Special Right Triangles Formulas
Before learning the special right triangles formulas, let us recall what are special right triangles. There are two special right triangles with angles measures as 45, 45, 90 degrees and 30, 60, 90 degrees. The sides of these triangles are in particular ratios and are known as Pythagorean triplets. Let us learn the special right triangles formulas along with a few solved examples.
What Are the Special Right Triangles Formulas?
The special right triangles formulas give the ratio of the sides of a special right triangle. The base, height, and hypotenuse of a right triangle with the angles 45, 45, and 90 degrees are in a ratio of
1: 1: √2
The base, height, and hypotenuse of a right triangle with the angles 30, 60, and 90 degrees are in a ratio of
1: √3: 2
Here, the order remains the same. Let us see the applications of the special right triangles formulas in the following section.
Solved Examples Using Special Right Triangles Formulas

Example 1: Find the other two sides of the rightangled triangle if the base of the triangle is 5√3 and angles measure 30, 60, and 90 degrees.
Solution: To find: Length of the sides of the triangle.
Base = 5√3 (given)
Using special right triangles formulas,
Base, height, and hypotenuse of a triangle with the angles 30, 60, and 90 degrees are in a ratio of 1:√3: 2
Let, base = 5√3 = x
Then, height = (5√3)√3= 5 *3 = 15
And, hypotenuse = 2x = 2*5√3 = 10√3
Answer: The height of the triangle = 15, and hypotenuse of the triangle = 10√3.

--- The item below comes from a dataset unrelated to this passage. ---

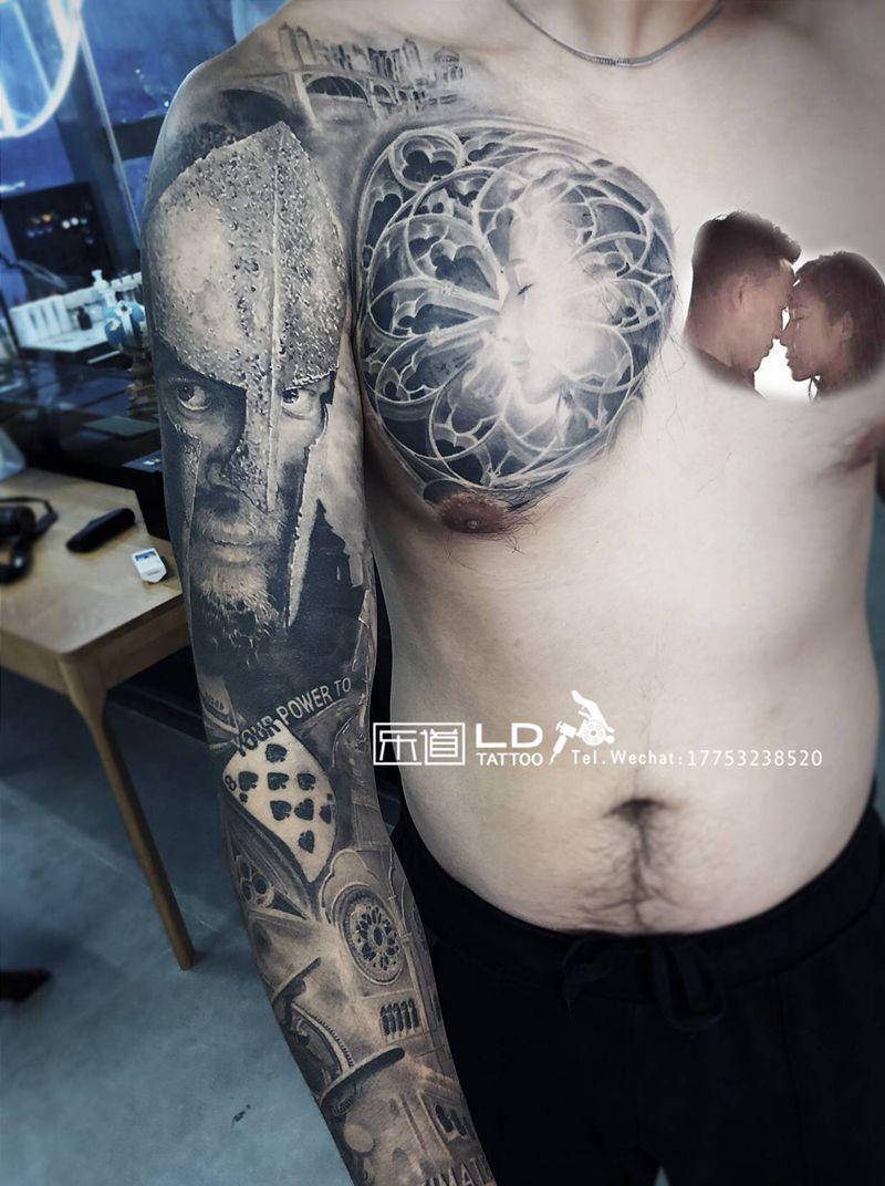 当前位置: 首页 >山东省青岛市纹身店-乐道刺青纹身图案>勇士之魂纹身图片_手臂胸部欧美写实斯巴达花臂欧美花臂纹身图案
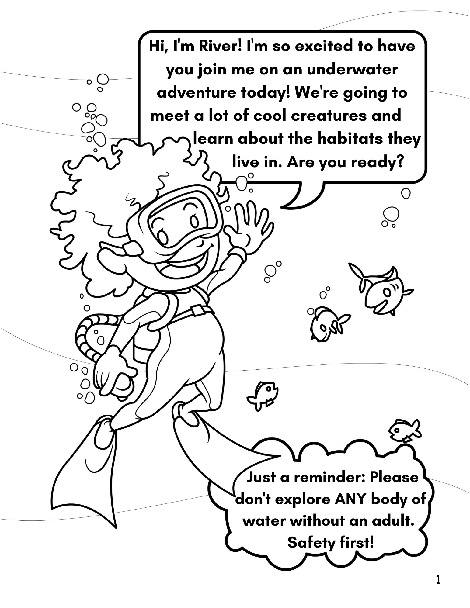 Being a storyteller, I came up with the idea of a preteen underwater guide, taking the reader along for an adventure, but also calling upon the reader for help occasionally along the way, like with building a warning sign via a connect-the-dots puzzle, creating a homey environment for shrimp through drawing, guiding a gray whale on its migration from the Arctic to Mexico in a maze puzzle, and more.

Example 2: Find the other two sides of the rightangled triangle if the base of the triangle is 5 and angles measure 45, 45, and 90 degrees.
Solution: To find: Length of the sides of the triangle.
Base = 5 (given)
Using special right triangles formulas,
Base, height, and hypotenuse of a triangle with the angles 45, 45, and 90 degrees are in a ratio of √2
Let, base = 5 = x
Then, height = x = 5
And hypotenuse = √2x =√2*5= 5√2
Answer: The height of the triangle = 5, and hypotenuse of the triangle = 5√2.